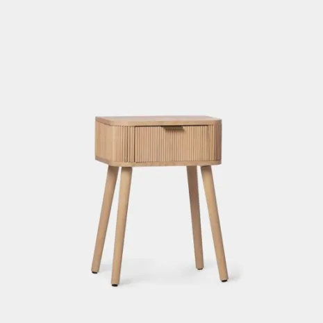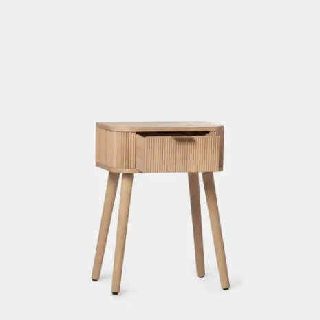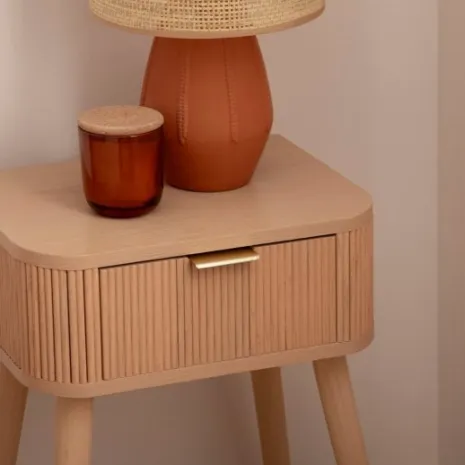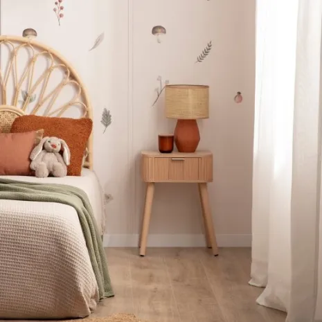 Transforma la habitación de tu peque en un espacio cálido y acogedor con la mesita de noche Mina, elaborada en chapa de pino y madera de roble. Cuenta con un amplio cajón donde podrá guardar sus cosas y mantener su cuarto siempre recogido.
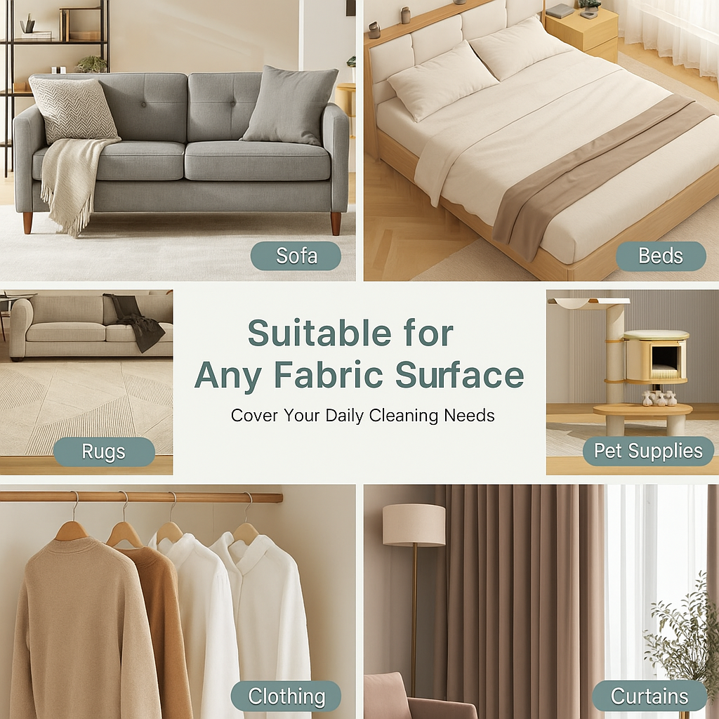 🛏️ Works on sofa, bed, clothes, carpets, and more.
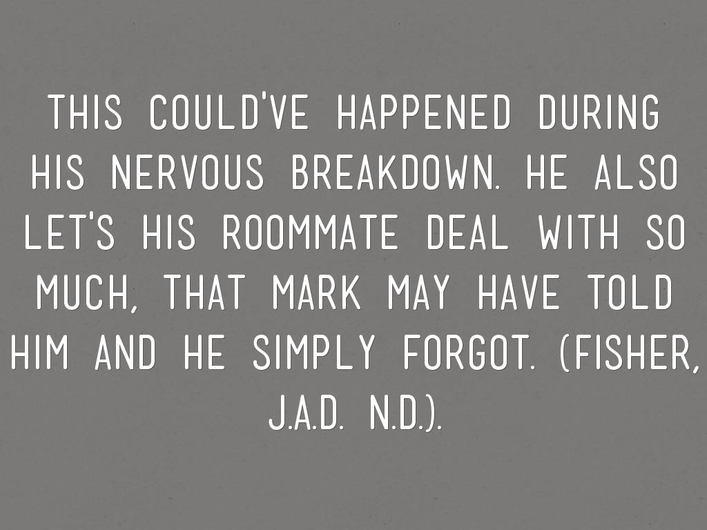 THIS COULD'VE HAPPENED DURING HIS NERVOUS BREAKDOWN. HE ALSO LET'S HIS ROOMMATE DEAL WITH SO MUCH, THAT MARK MAY HAVE TOLD HIM AND HE SIMPLY FORGOT. (fisher, J.A.D. n.d.).
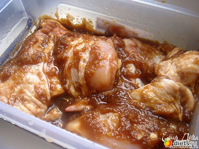 перемелите их в блендере в яблочное пюре, добавьте 1 ст.л. бальзамического уксуса, 1 ст.л. соевого соуса и прекрасный маринад для курочки готов. Обмажьте курочку (разделенную на куски - у меня 4 кусочка) этим маринадом и отправьте в холодильник минимум на 30 минут. Запекайте при температуре 190*С 30 минут! Прекрасная запеченная курочка под яблочным пюре-готова!
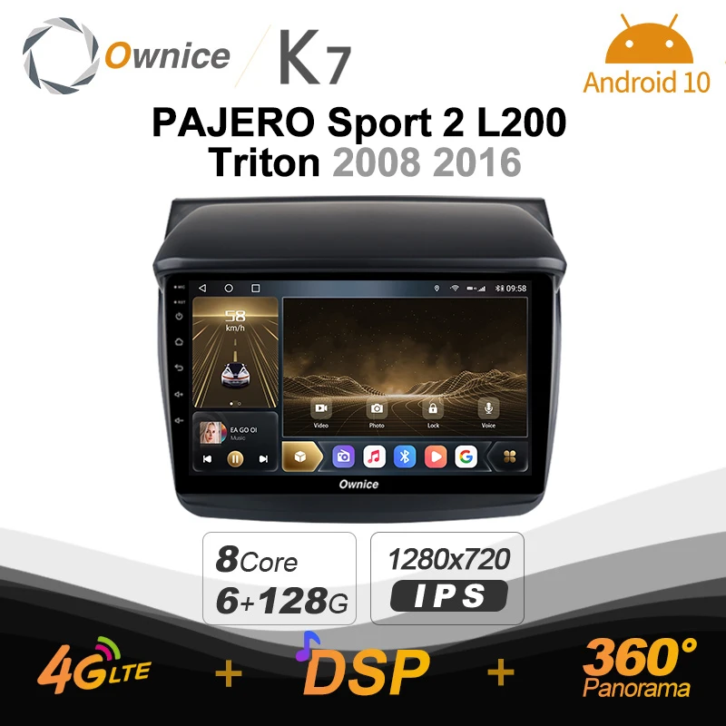 Автомагнитола Ownice K7 для Mitsubishi PAJERO Sport 2 L200 Triton, Аудиомагнитола 6 ГБ + 128 Гб, android 2008, BT 2016, 10,0, 4G, LTE, SPDIF, 5,0, 360
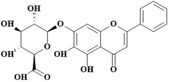 Baicalin (BA; Figure 1), namely baicalein 7-O--D-glucuronide, is a flavonoid compound isolated from medicinal plants such as Scutellaria baicalensis [23]. Multiple studies have highlighted the robust biological activities and significant functions of BA, such as its antimicrobial and antioxidant activities [24]. For instance, it has been demonstrated to possess anti-inflammatory, antioxidant, and anticancer effects on organs like the lungs and the uterus [25,26]. BA can inhibit biofilm formation, attenuate quorum-sensing controlled virulence, and enhance Pseudomonas aeruginosa clearance in mice [27]. BA has been proven to possess inhibitory effects on virulence phenotypes in Pseudomonas aeruginosa and APEC [28,29].

----

_Directions for this task_. Give back all of the entries above exactly, with the pictures excluded.

_Answer for the task_.
 Transforma la habitación de tu peque en un espacio cálido y acogedor con la mesita de noche Mina, elaborada en chapa de pino y madera de roble. Cuenta con un amplio cajón donde podrá guardar sus cosas y mantener su cuarto siempre recogido.
 🛏️ Works on sofa, bed, clothes, carpets, and more.
 THIS COULD'VE HAPPENED DURING HIS NERVOUS BREAKDOWN. HE ALSO LET'S HIS ROOMMATE DEAL WITH SO MUCH, THAT MARK MAY HAVE TOLD HIM AND HE SIMPLY FORGOT. (fisher, J.A.D. n.d.).
 перемелите их в блендере в яблочное пюре, добавьте 1 ст.л. бальзамического уксуса, 1 ст.л. соевого соуса и прекрасный маринад для курочки готов. Обмажьте курочку (разделенную на куски - у меня 4 кусочка) этим маринадом и отправьте в холодильник минимум на 30 минут. Запекайте при температуре 190*С 30 минут! Прекрасная запеченная курочка под яблочным пюре-готова!
 Автомагнитола Ownice K7 для Mitsubishi PAJERO Sport 2 L200 Triton, Аудиомагнитола 6 ГБ + 128 Гб, android 2008, BT 2016, 10,0, 4G, LTE, SPDIF, 5,0, 360
 Baicalin (BA; Figure 1), namely baicalein 7-O--D-glucuronide, is a flavonoid compound isolated from medicinal plants such as Scutellaria baicalensis [23]. Multiple studies have highlighted the robust biological activities and significant functions of BA, such as its antimicrobial and antioxidant activities [24]. For instance, it has been demonstrated to possess anti-inflammatory, antioxidant, and anticancer effects on organs like the lungs and the uterus [25,26]. BA can inhibit biofilm formation, attenuate quorum-sensing controlled virulence, and enhance Pseudomonas aeruginosa clearance in mice [27]. BA has been proven to possess inhibitory effects on virulence phenotypes in Pseudomonas aeruginosa and APEC [28,29].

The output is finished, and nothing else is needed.